> Prompt:
Go through the listing and set it down exactly, leaving out its pictures.

> Information provided:

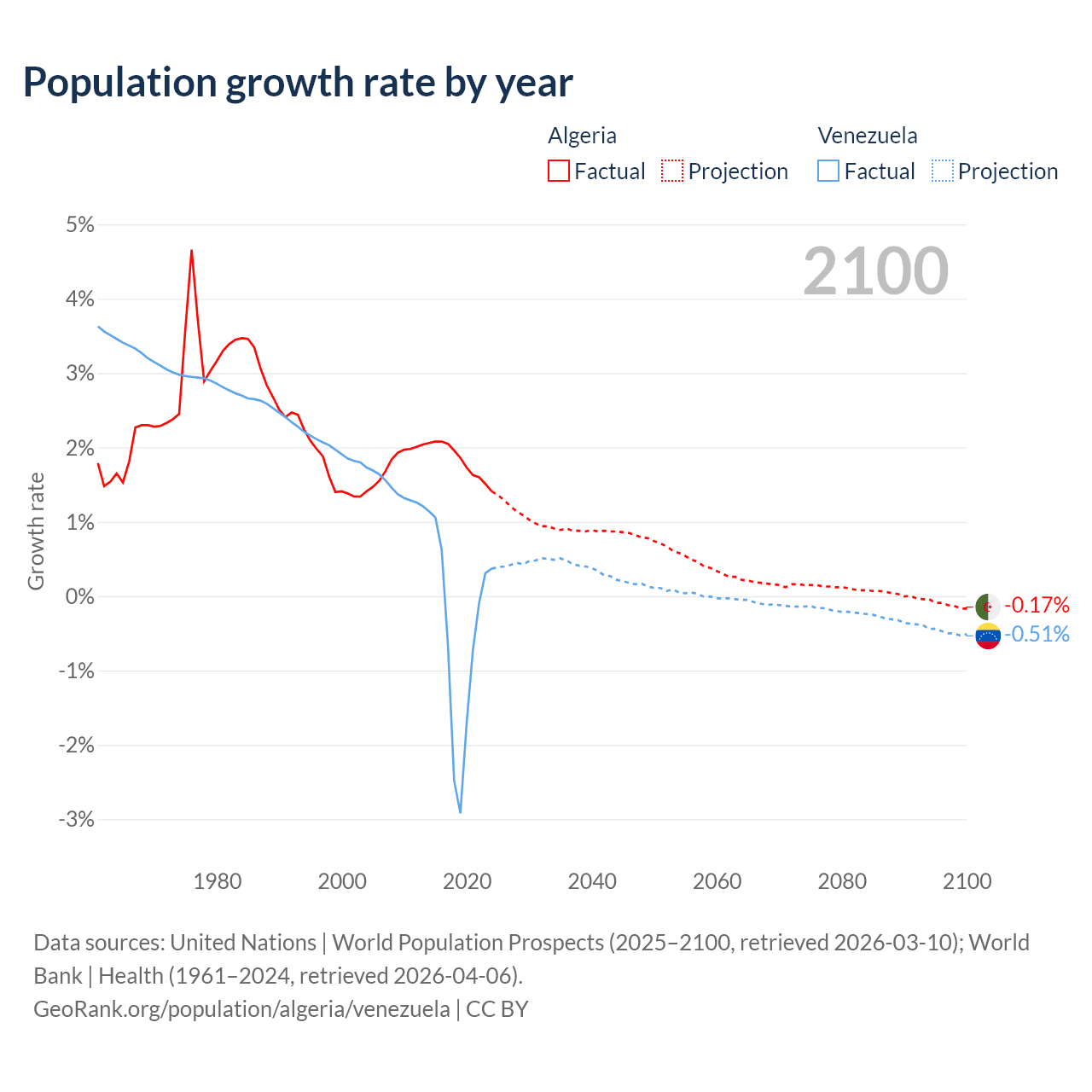 - For the last 10 years, Algeria has had an average growth rate of +1.81% per year vs -0.46% in Venezuela.
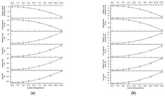 Change curves of aerodynamic characteristics under different lateral wind conditions. (a) The changes with different lateral wind speeds in total lift, total drag, pitch moment, athlete’s lift, athlete’s drag, and athlete’s pitch moment. (b) The changes with different lateral wind speeds in yaw force, yaw moment, roll moment, athlete’s yaw force, athlete’s yaw moment, and athlete’s roll moment.
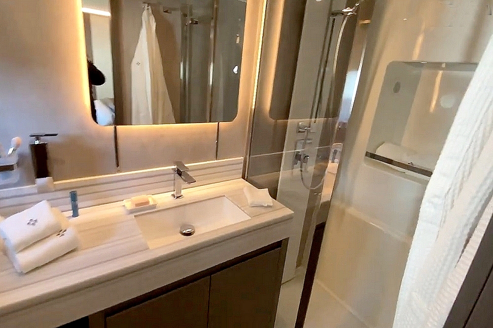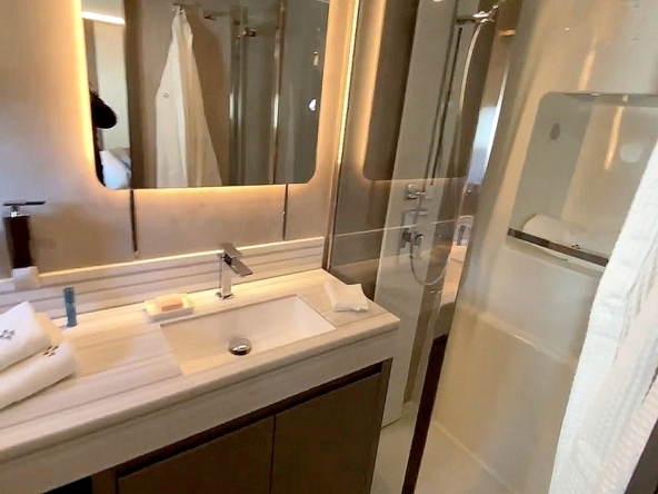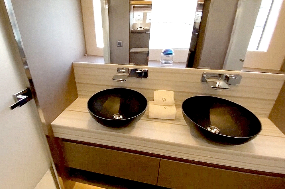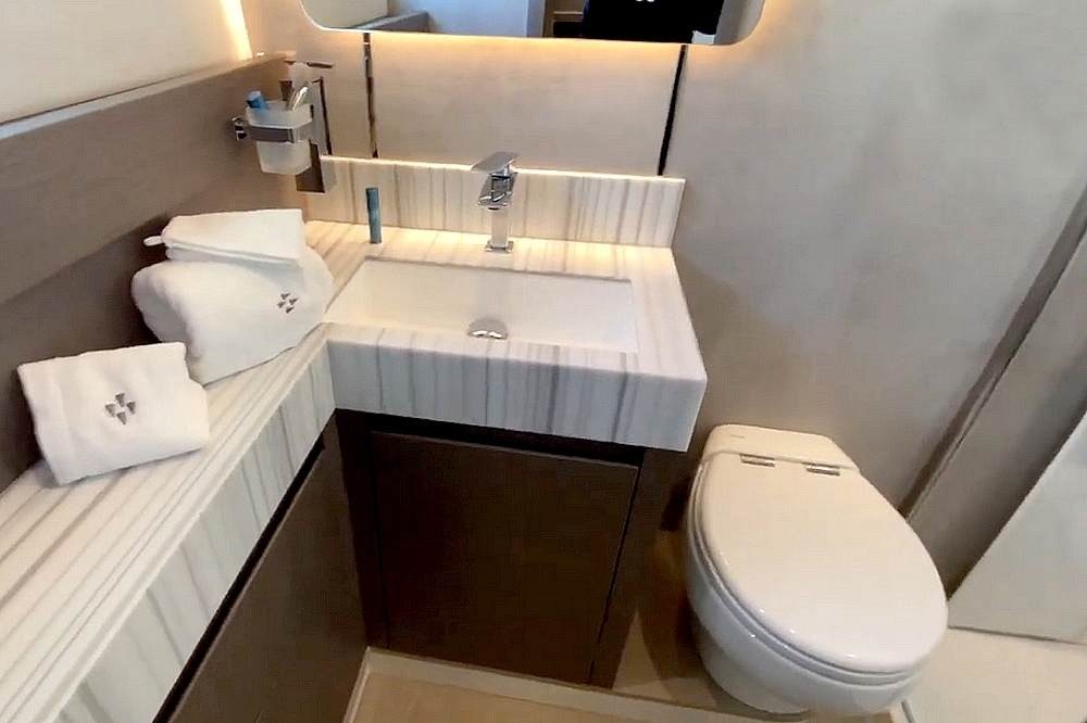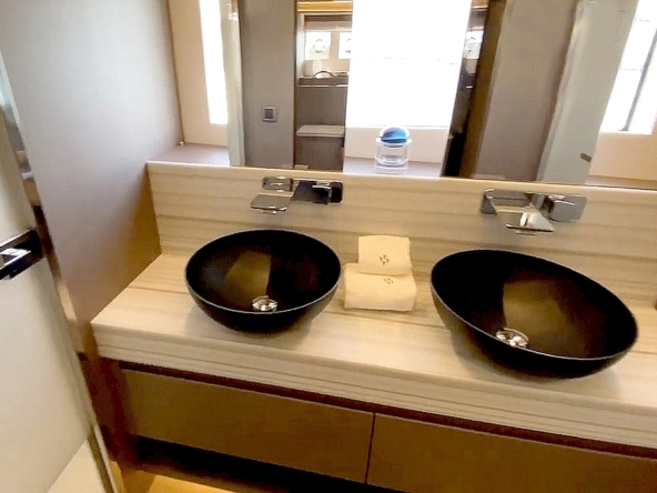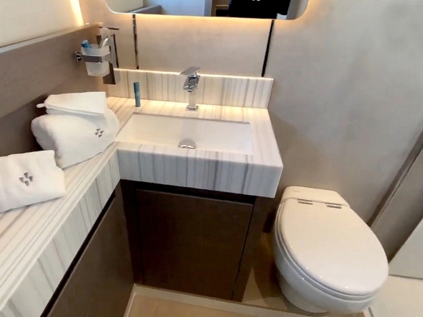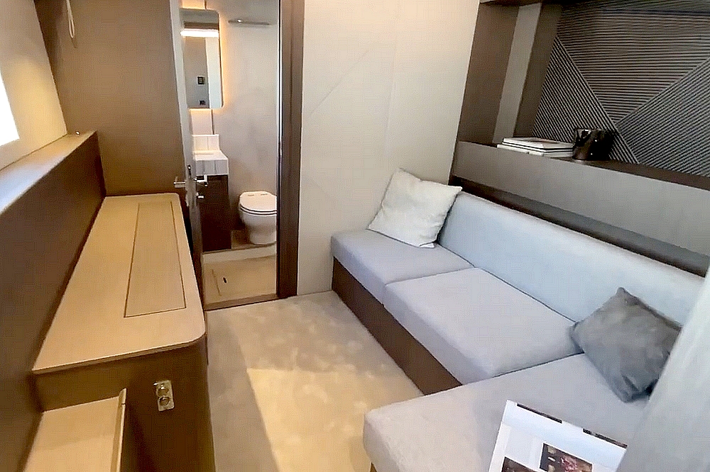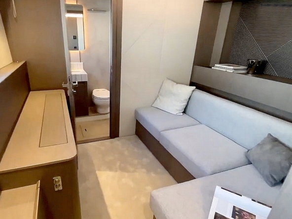 . La cabine VIP est située dans la coque bâbord. Elle est équipée d’un avec lit Queen-size, d’un dressing, d’un petit

> Finished exercise:
 - For the last 10 years, Algeria has had an average growth rate of +1.81% per year vs -0.46% in Venezuela.
 Change curves of aerodynamic characteristics under different lateral wind conditions. (a) The changes with different lateral wind speeds in total lift, total drag, pitch moment, athlete’s lift, athlete’s drag, and athlete’s pitch moment. (b) The changes with different lateral wind speeds in yaw force, yaw moment, roll moment, athlete’s yaw force, athlete’s yaw moment, and athlete’s roll moment.
 . La cabine VIP est située dans la coque bâbord. Elle est équipée d’un avec lit Queen-size, d’un dressing, d’un petit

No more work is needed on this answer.